VALUATION OF INVESTMENTS

Investments in subsidiaries are measured at cost less accumulated impairment.

 
2.15

STOCKS

Stocks are stated at the lower of cost and net realisable value, being the estimated selling price less costs to complete and sell. Cost is based on the cost of purchase on a first in, first out basis. Work in progress and finished goods include labour and attributable overheads.

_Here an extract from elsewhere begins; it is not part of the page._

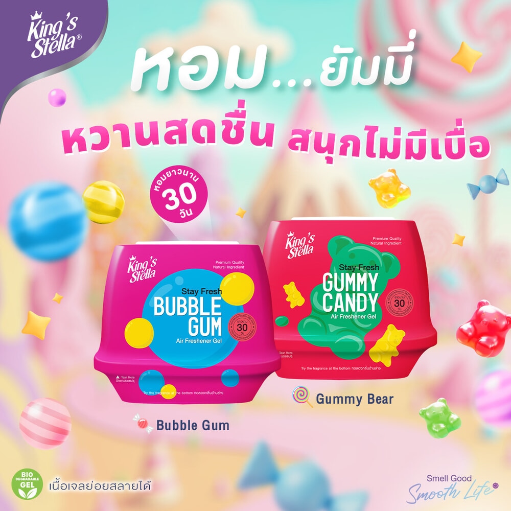 เจลหอมปรับอากาศรูแบบใหม่ สูตรพิเศษเนื้อเจลบริสุทธิ์จากธรรมชาติ ให้ความหอมยาวนานระดับพรีเมี่ยมสไตล์คิงส์สเตลล่า

At each reporting date, stocks are assessed for impairment. If stock is impaired, the carrying amount is reduced to its selling price less costs to complete and sell. The impairment loss is recognised immediately in profit or loss.

Page 19


OHI CANNON CARE HOMES LTD (FORMERLY CANNON CARE HOMES LTD)

 
NOTES TO THE FINANCIAL STATEMENTS
FOR THE YEAR ENDED 30 SEPTEMBER 2024

2.ACCOUNTING POLICIES (continued)

 
2.16

DEBTORS

Short-term debtors are measured at transaction price, less any impairment. Loans receivable are measured initially at fair value, net of transaction costs, and are measured subsequently at amortised cost using the effective interest method, less any impairment.

 
2.17

CASH AND CASH EQUIVALENTS

Cash is represented by cash in hand and deposits with financial institutions repayable without penalty on notice of not more than 24 hours. Cash equivalents are highly liquid investments that mature in no more than three months from the date of acquisition and that are readily convertible to known amounts of cash with insignificant risk of change in value.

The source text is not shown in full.